Work order
Transcribe only the lines from the one containing "1 шт., многоразовая" through the final line of the entries below, exactly, and exclude the pictures.

*** Opening Data ***

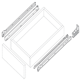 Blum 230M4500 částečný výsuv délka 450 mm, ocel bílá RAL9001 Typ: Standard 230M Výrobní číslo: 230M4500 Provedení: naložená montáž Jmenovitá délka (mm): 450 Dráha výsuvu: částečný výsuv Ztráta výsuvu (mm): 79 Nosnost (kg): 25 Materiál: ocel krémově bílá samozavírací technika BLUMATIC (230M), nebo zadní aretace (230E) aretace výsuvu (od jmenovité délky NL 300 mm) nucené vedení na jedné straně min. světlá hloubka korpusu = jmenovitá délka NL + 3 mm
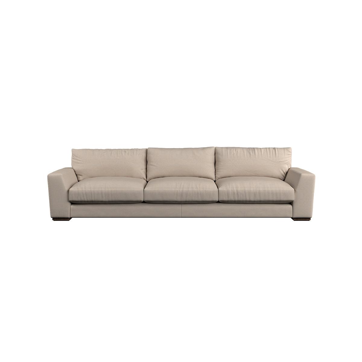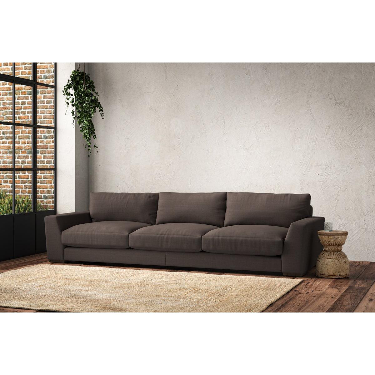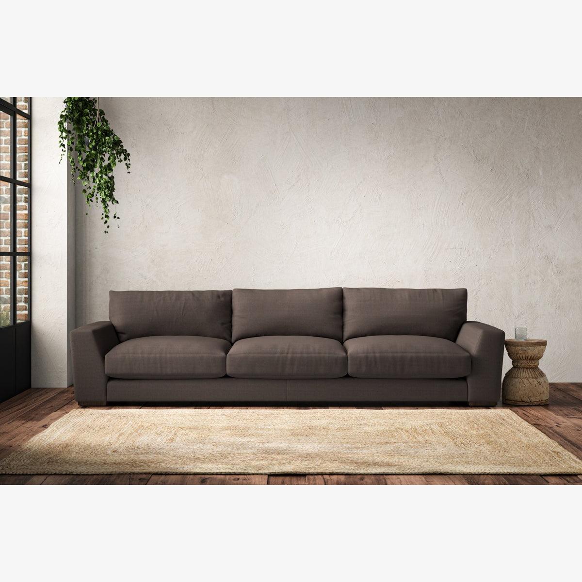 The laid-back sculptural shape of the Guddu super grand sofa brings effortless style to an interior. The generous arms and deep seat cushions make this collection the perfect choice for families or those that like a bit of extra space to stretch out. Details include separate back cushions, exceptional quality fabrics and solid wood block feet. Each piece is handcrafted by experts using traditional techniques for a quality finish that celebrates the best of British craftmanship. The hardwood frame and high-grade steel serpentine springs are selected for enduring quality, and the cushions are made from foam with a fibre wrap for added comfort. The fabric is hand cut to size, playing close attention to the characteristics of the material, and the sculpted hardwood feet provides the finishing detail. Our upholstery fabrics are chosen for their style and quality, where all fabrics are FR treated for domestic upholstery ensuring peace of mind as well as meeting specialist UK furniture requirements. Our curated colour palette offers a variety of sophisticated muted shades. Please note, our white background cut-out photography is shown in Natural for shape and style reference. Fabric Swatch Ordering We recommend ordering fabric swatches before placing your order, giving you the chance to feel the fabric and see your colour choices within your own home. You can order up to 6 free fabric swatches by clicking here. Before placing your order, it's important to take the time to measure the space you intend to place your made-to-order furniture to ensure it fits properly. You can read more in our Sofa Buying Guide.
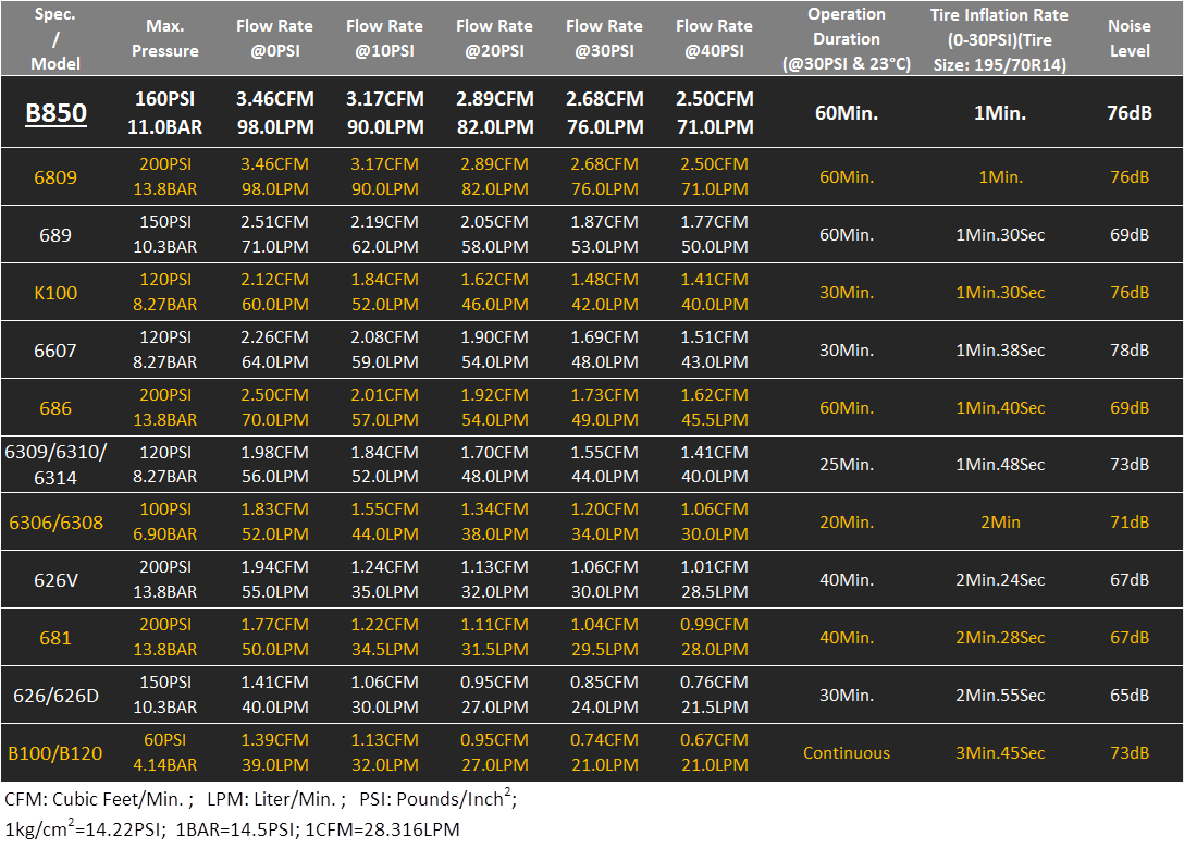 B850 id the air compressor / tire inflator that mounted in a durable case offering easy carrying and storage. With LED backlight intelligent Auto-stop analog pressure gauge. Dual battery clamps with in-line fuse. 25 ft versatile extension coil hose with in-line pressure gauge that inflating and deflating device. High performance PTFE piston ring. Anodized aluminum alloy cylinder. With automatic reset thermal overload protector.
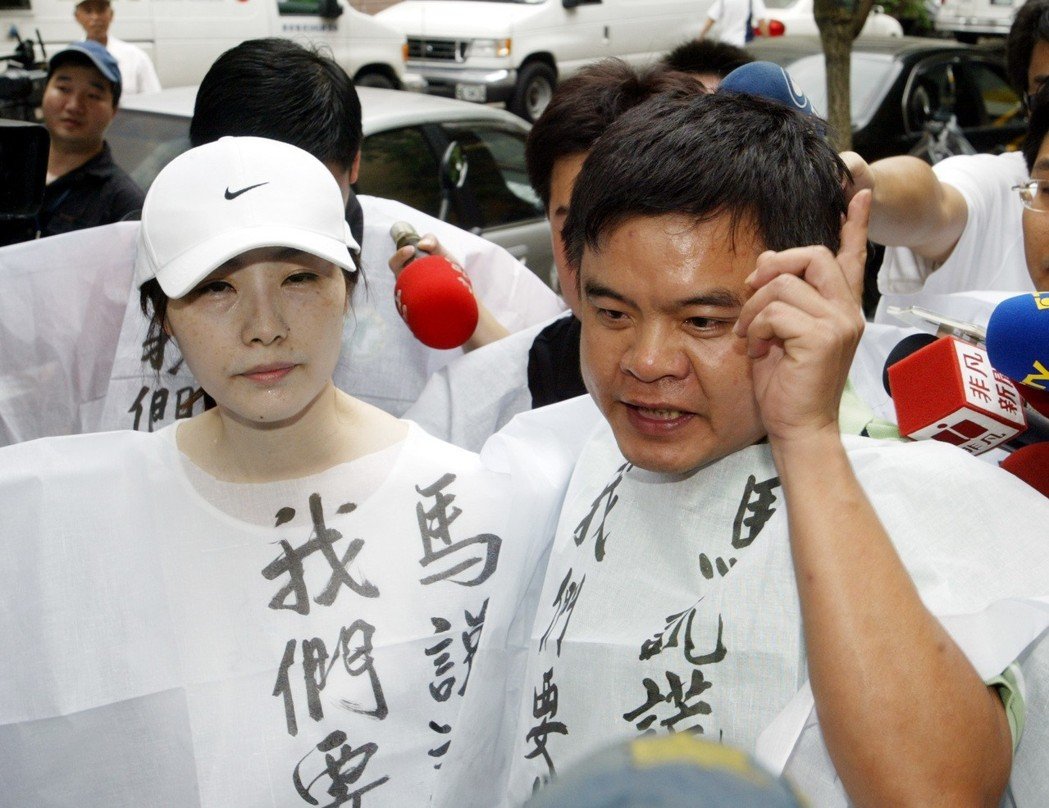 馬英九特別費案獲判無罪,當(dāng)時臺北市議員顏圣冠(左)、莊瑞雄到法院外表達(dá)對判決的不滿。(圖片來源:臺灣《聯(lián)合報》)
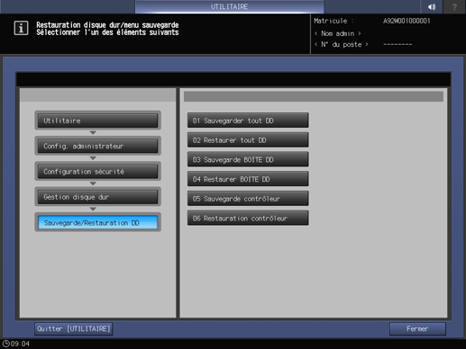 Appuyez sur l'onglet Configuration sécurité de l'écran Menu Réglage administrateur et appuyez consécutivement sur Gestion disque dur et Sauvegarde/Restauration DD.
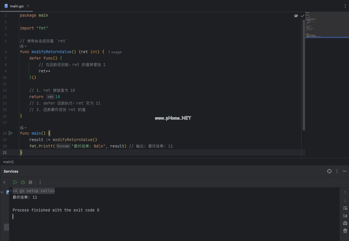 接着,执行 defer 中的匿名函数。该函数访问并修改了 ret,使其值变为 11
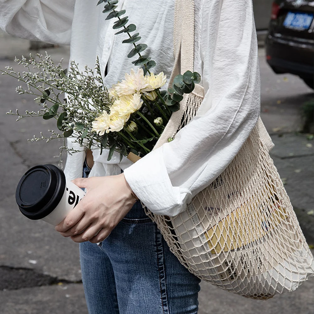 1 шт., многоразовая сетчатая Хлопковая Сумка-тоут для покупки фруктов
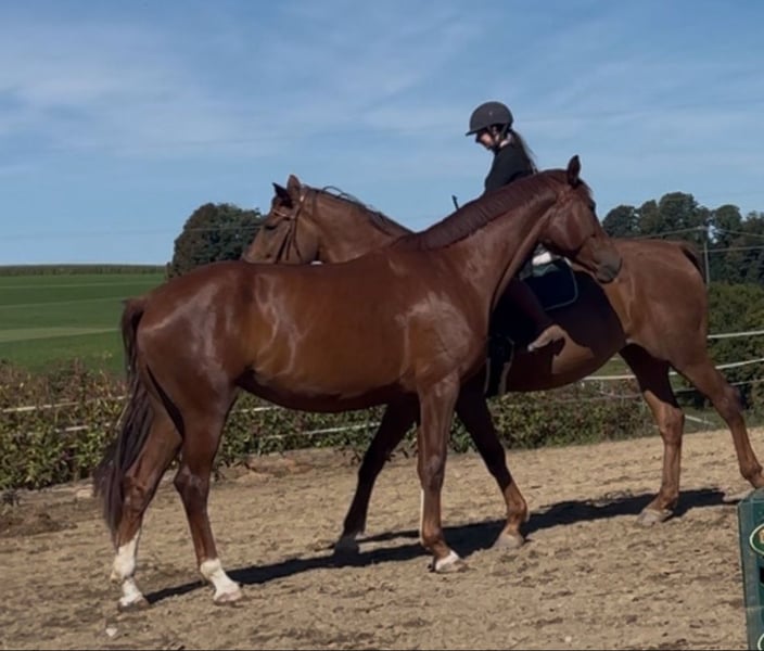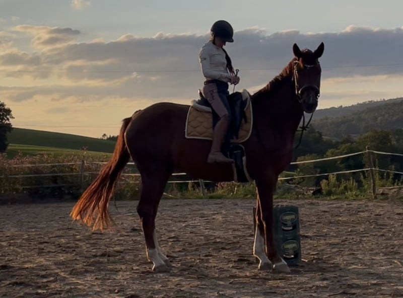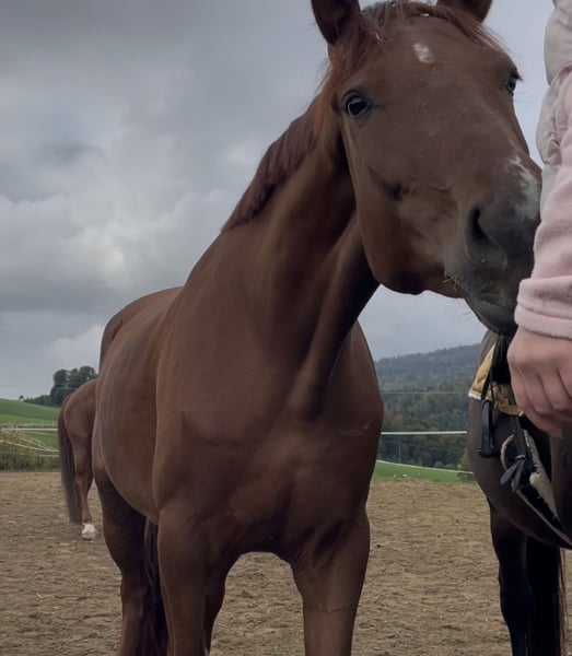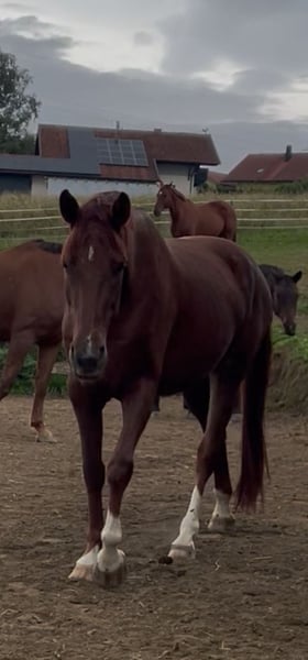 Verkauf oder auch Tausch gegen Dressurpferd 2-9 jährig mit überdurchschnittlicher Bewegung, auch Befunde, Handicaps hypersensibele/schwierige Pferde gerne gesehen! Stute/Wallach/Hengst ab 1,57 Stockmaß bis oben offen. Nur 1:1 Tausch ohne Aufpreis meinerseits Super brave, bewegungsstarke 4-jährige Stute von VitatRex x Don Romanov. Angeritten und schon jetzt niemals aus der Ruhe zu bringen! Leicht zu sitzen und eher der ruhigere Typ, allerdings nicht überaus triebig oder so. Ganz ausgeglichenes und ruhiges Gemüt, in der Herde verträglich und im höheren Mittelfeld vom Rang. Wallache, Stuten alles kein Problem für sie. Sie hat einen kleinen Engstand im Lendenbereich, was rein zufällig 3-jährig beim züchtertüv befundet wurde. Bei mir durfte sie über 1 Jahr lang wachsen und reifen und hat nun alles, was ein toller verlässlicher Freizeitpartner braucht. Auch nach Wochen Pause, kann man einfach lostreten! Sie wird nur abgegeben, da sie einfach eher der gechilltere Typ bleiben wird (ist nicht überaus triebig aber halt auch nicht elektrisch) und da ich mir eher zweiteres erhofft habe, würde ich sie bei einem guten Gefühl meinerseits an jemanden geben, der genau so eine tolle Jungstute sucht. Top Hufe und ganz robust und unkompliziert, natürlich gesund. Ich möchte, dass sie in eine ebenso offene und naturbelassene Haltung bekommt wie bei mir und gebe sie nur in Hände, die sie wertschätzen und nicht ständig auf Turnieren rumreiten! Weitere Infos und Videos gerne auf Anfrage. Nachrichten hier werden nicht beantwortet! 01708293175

*** Closing Data ***

Exercise output
 1 шт., многоразовая сетчатая Хлопковая Сумка-тоут для покупки фруктов
 Verkauf oder auch Tausch gegen Dressurpferd 2-9 jährig mit überdurchschnittlicher Bewegung, auch Befunde, Handicaps hypersensibele/schwierige Pferde gerne gesehen! Stute/Wallach/Hengst ab 1,57 Stockmaß bis oben offen. Nur 1:1 Tausch ohne Aufpreis meinerseits Super brave, bewegungsstarke 4-jährige Stute von VitatRex x Don Romanov. Angeritten und schon jetzt niemals aus der Ruhe zu bringen! Leicht zu sitzen und eher der ruhigere Typ, allerdings nicht überaus triebig oder so. Ganz ausgeglichenes und ruhiges Gemüt, in der Herde verträglich und im höheren Mittelfeld vom Rang. Wallache, Stuten alles kein Problem für sie. Sie hat einen kleinen Engstand im Lendenbereich, was rein zufällig 3-jährig beim züchtertüv befundet wurde. Bei mir durfte sie über 1 Jahr lang wachsen und reifen und hat nun alles, was ein toller verlässlicher Freizeitpartner braucht. Auch nach Wochen Pause, kann man einfach lostreten! Sie wird nur abgegeben, da sie einfach eher der gechilltere Typ bleiben wird (ist nicht überaus triebig aber halt auch nicht elektrisch) und da ich mir eher zweiteres erhofft habe, würde ich sie bei einem guten Gefühl meinerseits an jemanden geben, der genau so eine tolle Jungstute sucht. Top Hufe und ganz robust und unkompliziert, natürlich gesund. Ich möchte, dass sie in eine ebenso offene und naturbelassene Haltung bekommt wie bei mir und gebe sie nur in Hände, die sie wertschätzen und nicht ständig auf Turnieren rumreiten! Weitere Infos und Videos gerne auf Anfrage. Nachrichten hier werden nicht beantwortet! 01708293175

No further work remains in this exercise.